Exercise:
The result should be the listing below, restated exactly, with its pictures left out.

Given data:
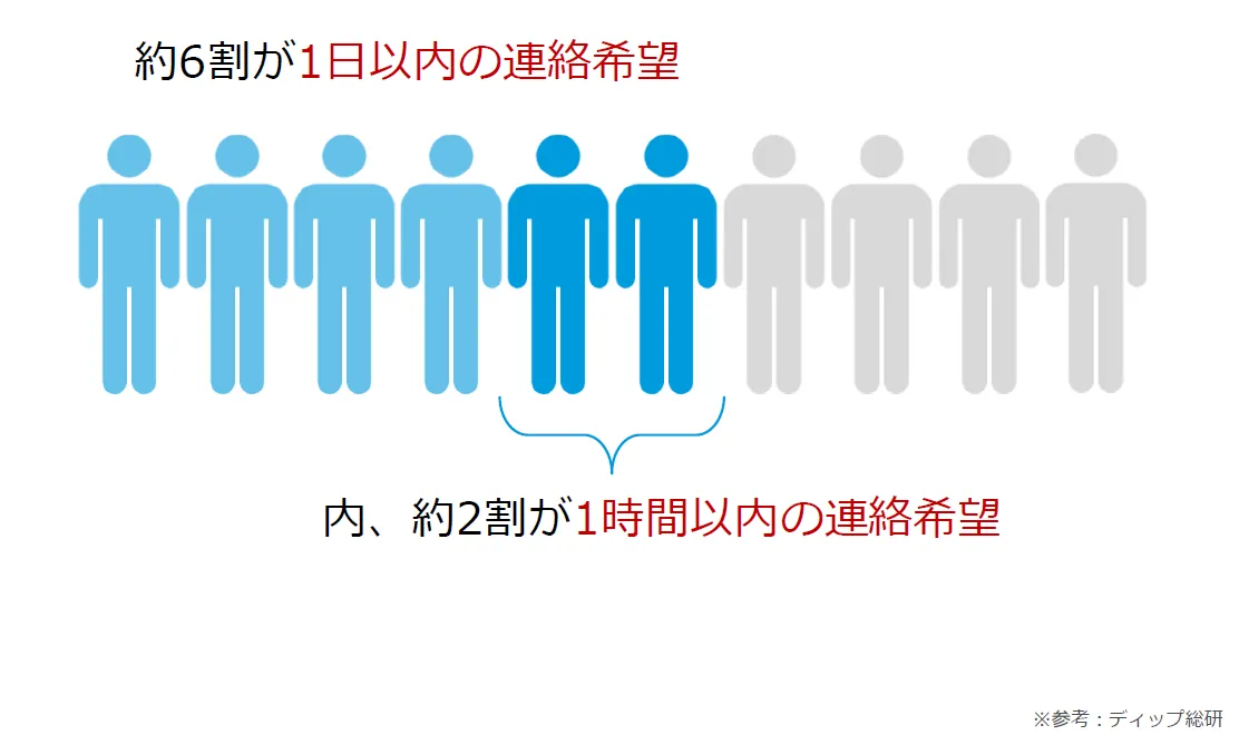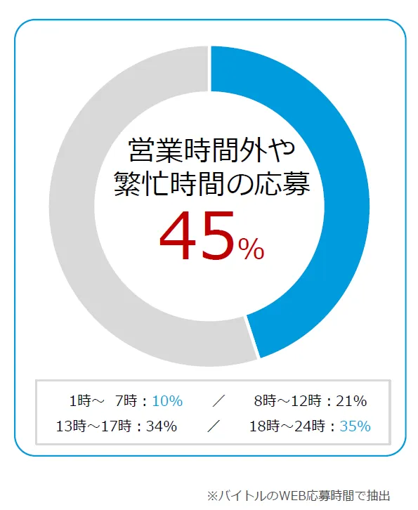 半数近くの求職者が同時複数応募していることに加え、営業時間外繁忙時間に応募しているためターゲットにあった良い人材を面接・採用に繋げるためにはスピーディーな対応が重要です。
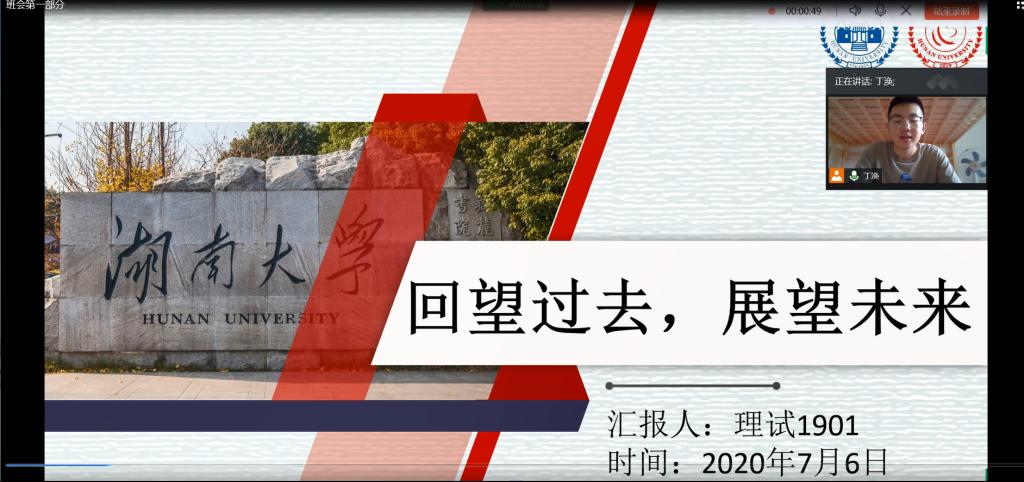 2020年7月6日下午3点,tyc1286太阳成集团理科试验班1901班在腾讯会议平台召开了“回望过去,展望未来”年度总结班会。tyc1286太阳成集团党委副书记范媛吉、理科试验班班主任刘松、以及全体理科试验班1901班同学参加了本次班会。本次班会由理科试验班班长丁涣主持。
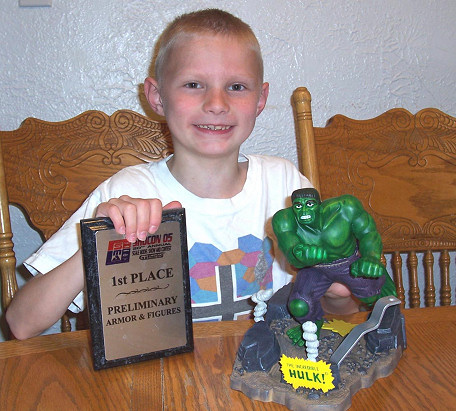 Well for the first little while he slept with the plaque and now it is proudly placed on the wall of our living room. He can’t wait to enter a model in the next contest but somehow I don’t think that his Glossy blue and red Mitsubishi A6M2 Type 21 Zero has the same chances his Hulk did. But it will get entered.

Solution to the problem:
 半数近くの求職者が同時複数応募していることに加え、営業時間外繁忙時間に応募しているためターゲットにあった良い人材を面接・採用に繋げるためにはスピーディーな対応が重要です。
 2020年7月6日下午3点,tyc1286太阳成集团理科试验班1901班在腾讯会议平台召开了“回望过去,展望未来”年度总结班会。tyc1286太阳成集团党委副书记范媛吉、理科试验班班主任刘松、以及全体理科试验班1901班同学参加了本次班会。本次班会由理科试验班班长丁涣主持。
 Well for the first little while he slept with the plaque and now it is proudly placed on the wall of our living room. He can’t wait to enter a model in the next contest but somehow I don’t think that his Glossy blue and red Mitsubishi A6M2 Type 21 Zero has the same chances his Hulk did. But it will get entered.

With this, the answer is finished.